Dataset excerpts:
========================================================================

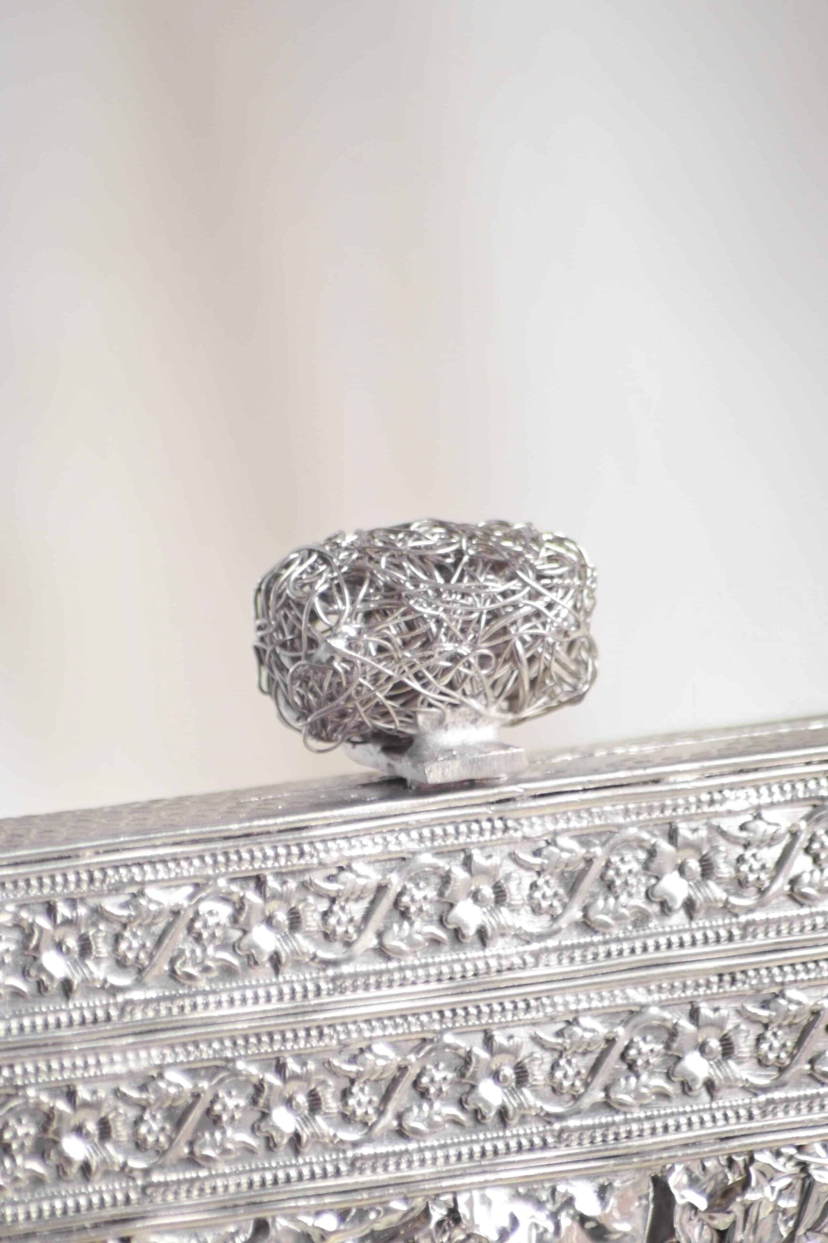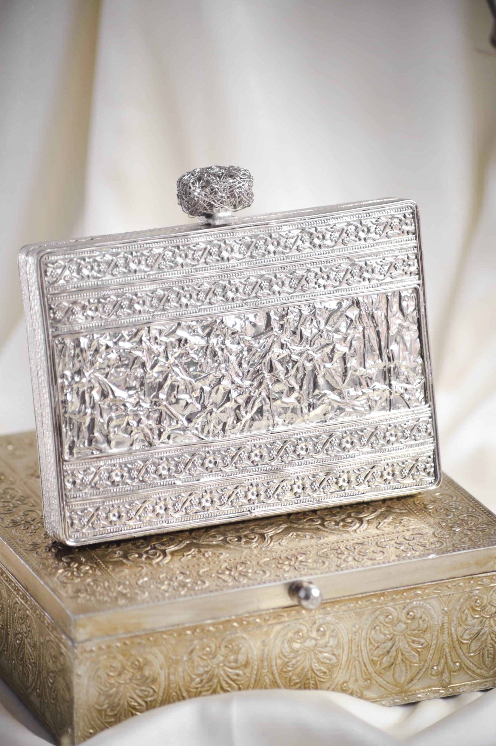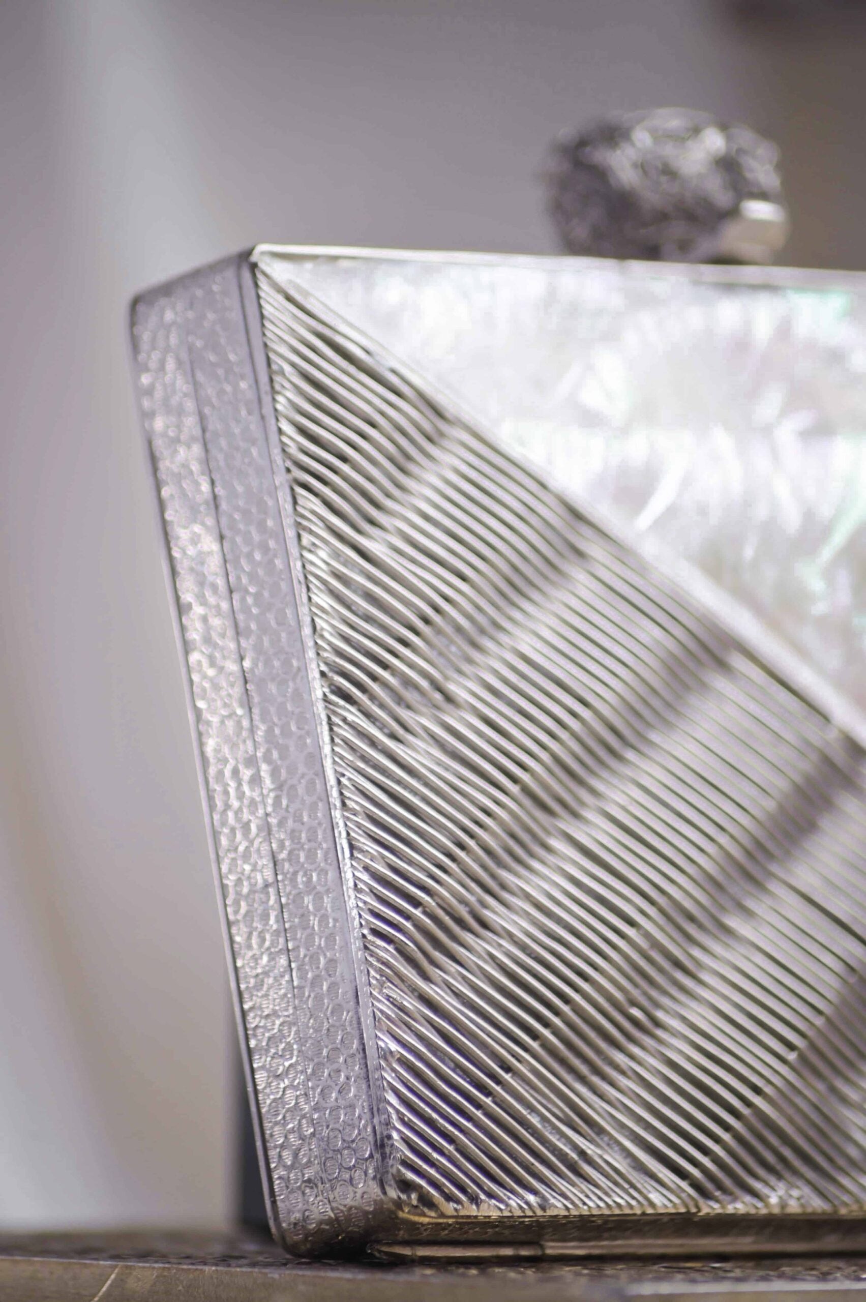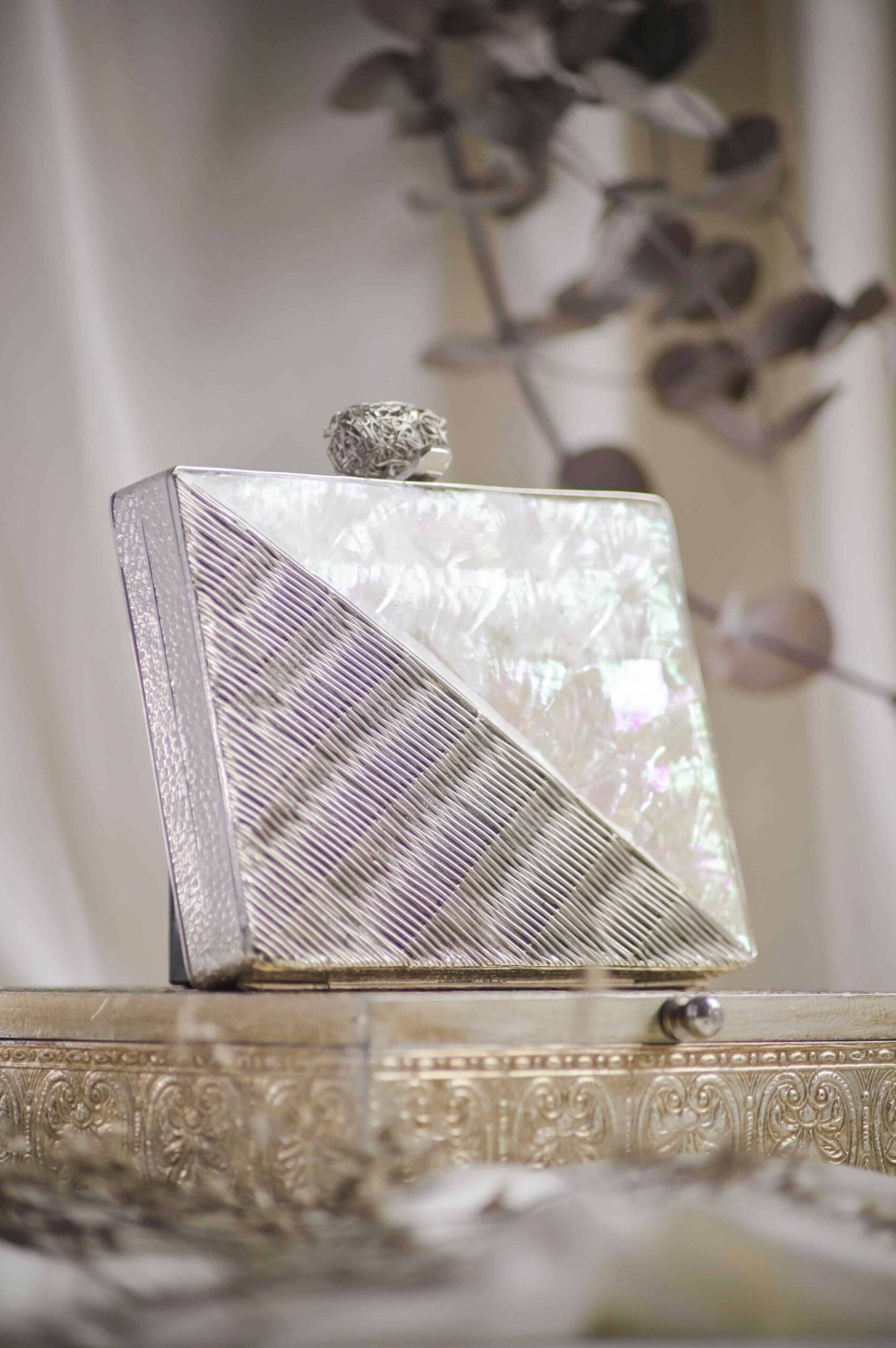 Luxury Mother of Pearl clutch bag. It's elegant, stylish and has a very unique design. Based on a silver, rectangular brass frame, intricately cut and detailed on both sides. The front side consists of a Mother of Pearl shell base and wired brass detailing. The back side is just as beautiful with silver carved work. Finished off with a silver wired bundle clasp.
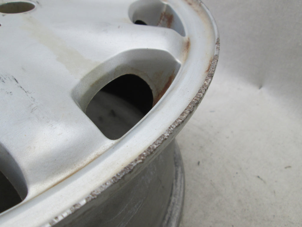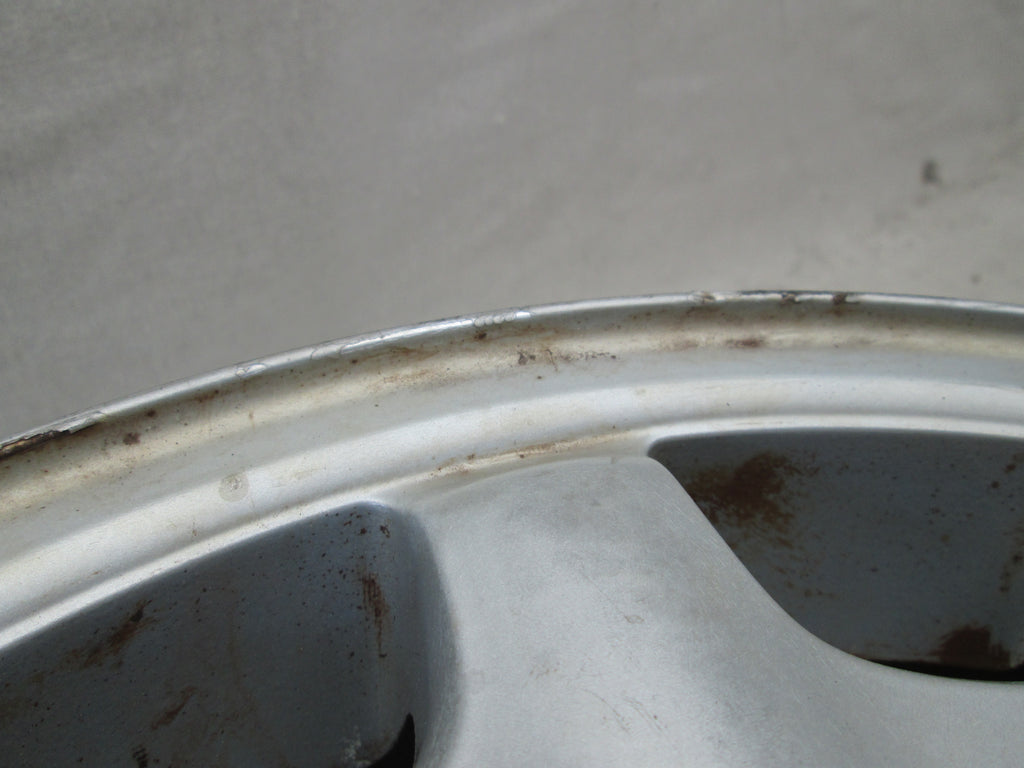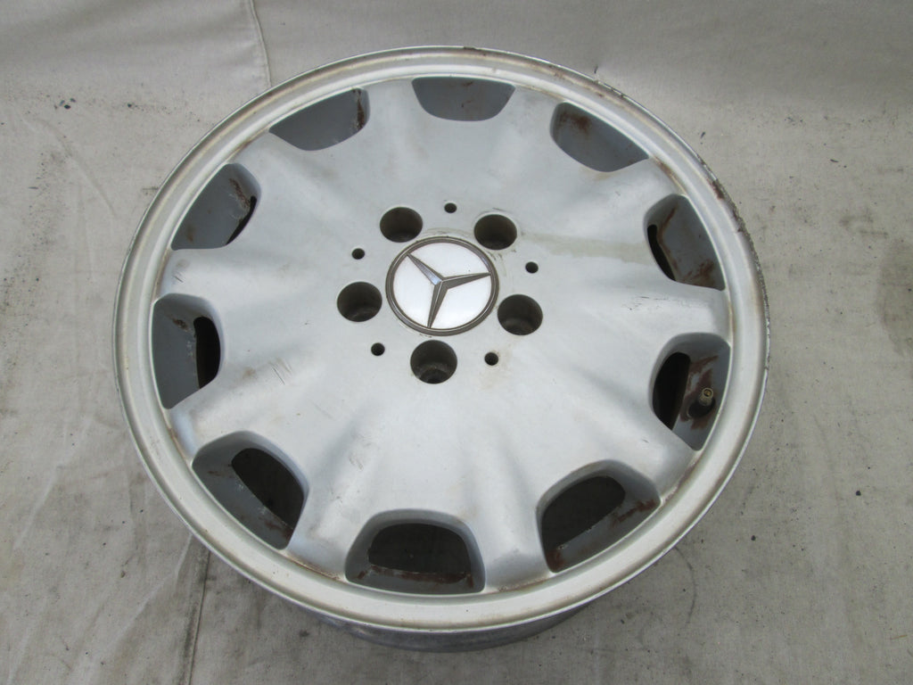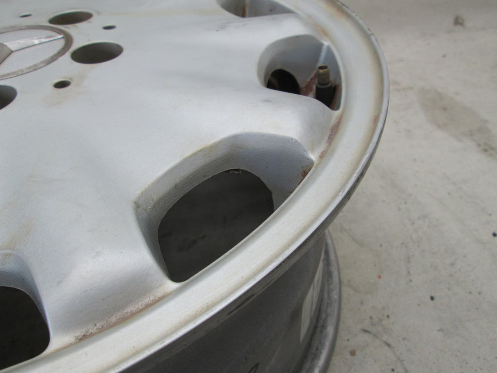 Mercedes W210 E class wheel. Silver paint is a little dull. The part number is 2104010602. Please make sure this matches yours. We try to picture any cosmetic flaws but its hard to see everything in the pictures so please be aware these wheel do have some cosmetic flaws to them unless stated. See pictures for further info
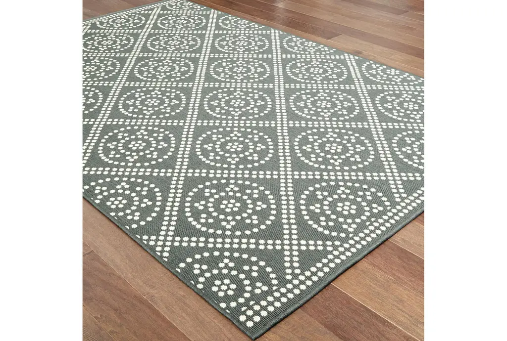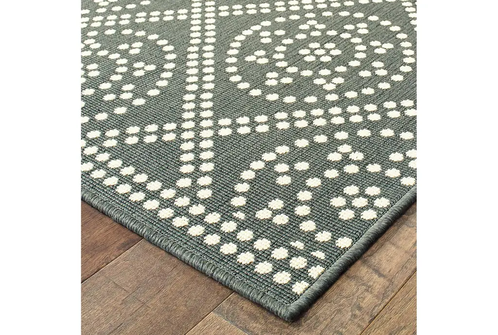 2'3"x7'5" Indoor/outdoor Fiber Rug-Grey/ivory Diamond Dots | Waterproof | Rectangle
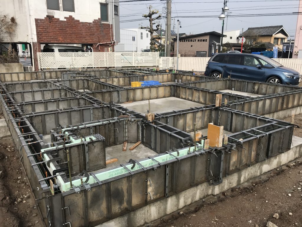 2/20(土)から基礎工事が始まり着々と工事が進み、今日は立上り打設前の確認をしました。
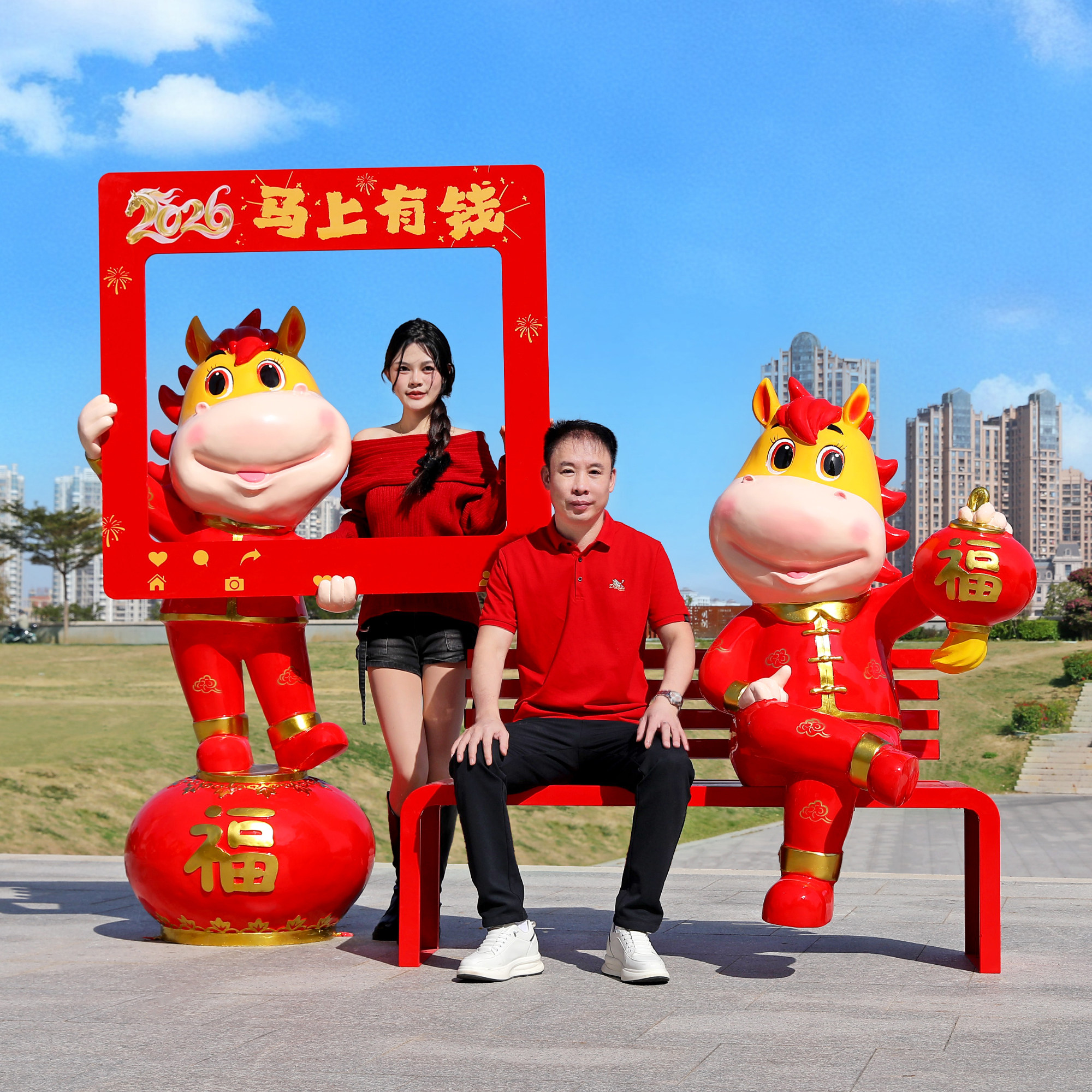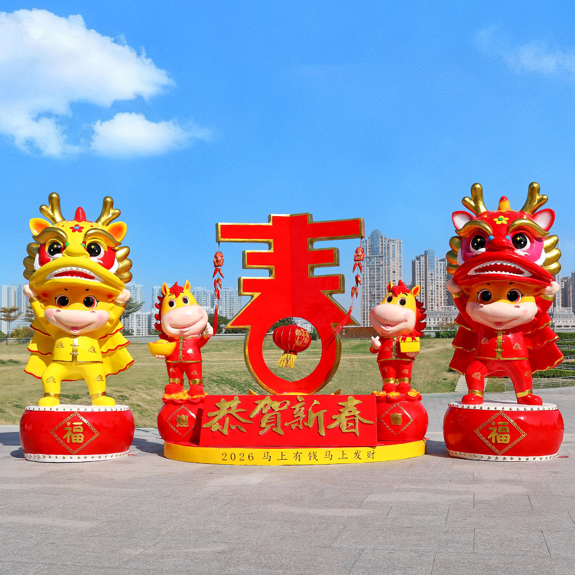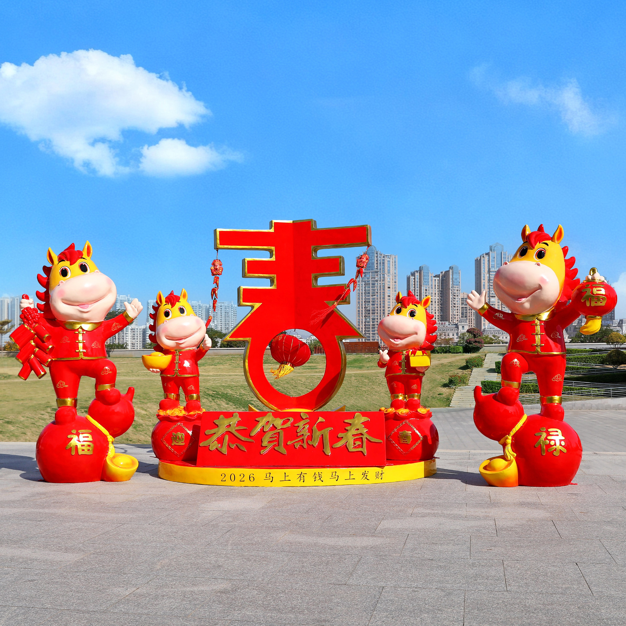 新年生肖马吉祥物卡通公仔红色装饰摆件户外步行街喜庆玻璃钢雕塑

========================================================================

WHAT NEEDS TO BE DONE:
Take the line that contains "Mercedes W210 E" and every line after it to the end of the records above; quote them exactly, leaving out the pictures.

ANSWER TO THIS TASK:
 Mercedes W210 E class wheel. Silver paint is a little dull. The part number is 2104010602. Please make sure this matches yours. We try to picture any cosmetic flaws but its hard to see everything in the pictures so please be aware these wheel do have some cosmetic flaws to them unless stated. See pictures for further info
 2'3"x7'5" Indoor/outdoor Fiber Rug-Grey/ivory Diamond Dots | Waterproof | Rectangle
 2/20(土)から基礎工事が始まり着々と工事が進み、今日は立上り打設前の確認をしました。
 新年生肖马吉祥物卡通公仔红色装饰摆件户外步行街喜庆玻璃钢雕塑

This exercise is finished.